--- Extracted material ---
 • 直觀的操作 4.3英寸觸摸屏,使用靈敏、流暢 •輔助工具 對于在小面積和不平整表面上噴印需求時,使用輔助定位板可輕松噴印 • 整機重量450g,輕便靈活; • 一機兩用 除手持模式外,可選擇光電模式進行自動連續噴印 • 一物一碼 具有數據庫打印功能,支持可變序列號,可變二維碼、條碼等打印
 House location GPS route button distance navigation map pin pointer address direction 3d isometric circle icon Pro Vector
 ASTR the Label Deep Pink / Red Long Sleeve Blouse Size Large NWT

...

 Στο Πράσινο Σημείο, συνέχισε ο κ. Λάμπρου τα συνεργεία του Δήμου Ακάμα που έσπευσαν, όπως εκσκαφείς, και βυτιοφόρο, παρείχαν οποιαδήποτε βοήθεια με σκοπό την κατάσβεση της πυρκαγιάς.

--- How to complete this task ---
Look above for the line with "除手持模式外,可選擇光電模式進行自動連續噴印 • 一物一碼 具有數據庫打印功能,支持可變序列號,可變二維碼、條碼等打印" and the line with "House location GPS". Write out those two lines and all the lines between them, exactly, and no others.

--- The answer ---
 • 直觀的操作 4.3英寸觸摸屏,使用靈敏、流暢 •輔助工具 對于在小面積和不平整表面上噴印需求時,使用輔助定位板可輕松噴印 • 整機重量450g,輕便靈活; • 一機兩用 除手持模式外,可選擇光電模式進行自動連續噴印 • 一物一碼 具有數據庫打印功能,支持可變序列號,可變二維碼、條碼等打印
 House location GPS route button distance navigation map pin pointer address direction 3d isometric circle icon Pro Vector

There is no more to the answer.